Лицо у Гриши стало тревожным и растерянным.
— Странно… — сказал он. — В самом деле одинаковые… Раньше мне так не казалось… Хотя, с другой стороны, в общем-то всё логично: идеальное общество требует идеального людского материала.
— Чего-чего?
— Я объясню, — сказал он. — Допустим, так: дом по-настоящему прочен лишь в том случае, когда он построен из одинаковых камней. Если какой-нибудь камень сильно отличается от остальных, стена может рухнуть…
Несколько секунд я соображал.
— Ага… — проговорил я наконец. — А идеальное общество, значит, из одинаковых рыл… Весело. Ну а как же так получилось, что вы все одинаковые?
— Не знаю, Минька, — сказал он.
Я пощупал виски. Разговор ещё только начинался, а мозги у меня уже тихонько гудели от перегрева.
— Так… — пробормотал я. — Понятно… Значит, общество — ангельское, а ты… Вроде того камня, да? И закон этот ваш, насчёт личности… Слушай, а как ты его нарушал?
— Нарушал… — безразлично отозвался он.
— Ну а что ты делал-то? По газонам ходил? Вёл себя не так?
— Просто вёл себя…
Я шумно выдохнул сквозь зубы.
— С тобой свихнёшься… Как это — вёл себя? Все себя ведут!

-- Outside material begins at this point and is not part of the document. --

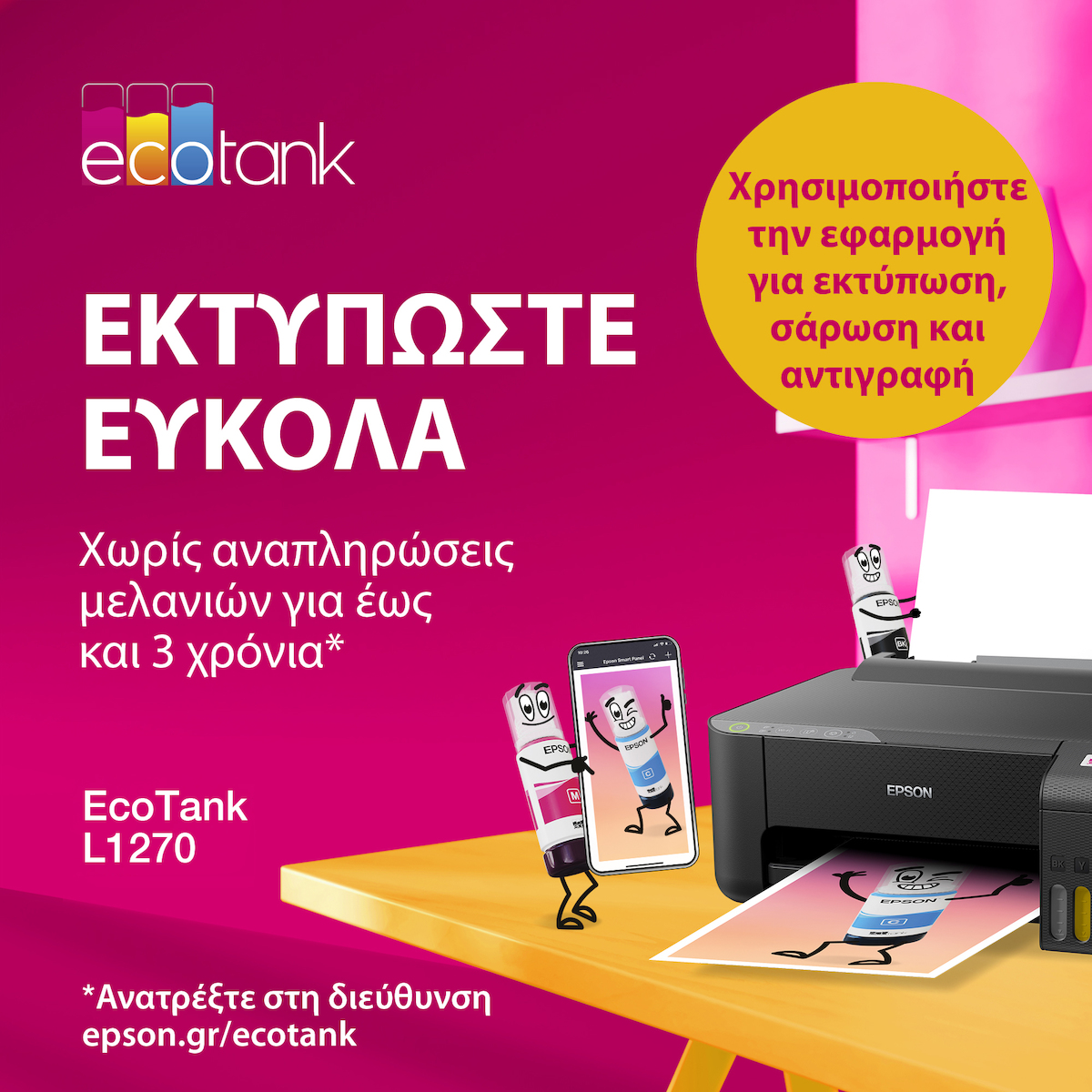 Εξοικονομήστε έως 90% στο κόστος εκτύπωσης με τους εκτυπωτές EcoTank της Epson χωρίς φύσιγγες μελανιών. Συμπεριλαμβάνονται φιαλίδια μελανιών υψηλής απόδοσης, ενώ τα ενσωματωμένα δοχεία μελανιών μπορούν να γεμίσουν εύκολα χάρη στα ειδικά σχεδιασμένα φιαλίδια.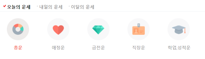 이렇게 총운, 애정운, 금전운, 직장운, 학업성적운까지 다양하게 볼 수 있습니다.

— Не все… — тихонько поправил он, и словно знобящий сквознячок прошёл по кухне после этих его слов. Я снова сидел, укрываясь за жидким кустиком, а из чёрных провалов ночного сквера на меня наползала оглушительная смертельная тишина…
— И они из-за этого достают человека на другой планете? Вёл себя… Интересное дело — вёл себя…
— Бесполезно, Минька! — с отчаянием проговорил Гриша. Ты пытаешься вогнать то, что произошло, в привычные рамки — бесполезно! Пойми: это отстоявшееся до предельной ясности общество. Там считаются преступлением такие мелочи, на которые здесь никто не обращает внимания. Потому что более серьёзных преступлений там нет…
Говорил он искренне, с чувством, и выходило очень даже складно. И всё же что-то пугало меня в том, как легко он нижет слова, и…
— Гриша! — отшатнувшись, выговорил я. — А откуда ты так хорошо знаешь наш язык?.. И этот твой ангел с битой мордой… Он же мне вчера по-русски ответил!.. А документы! Где ты взял паспорт? Как ты сюда попал вообще? Кораблём?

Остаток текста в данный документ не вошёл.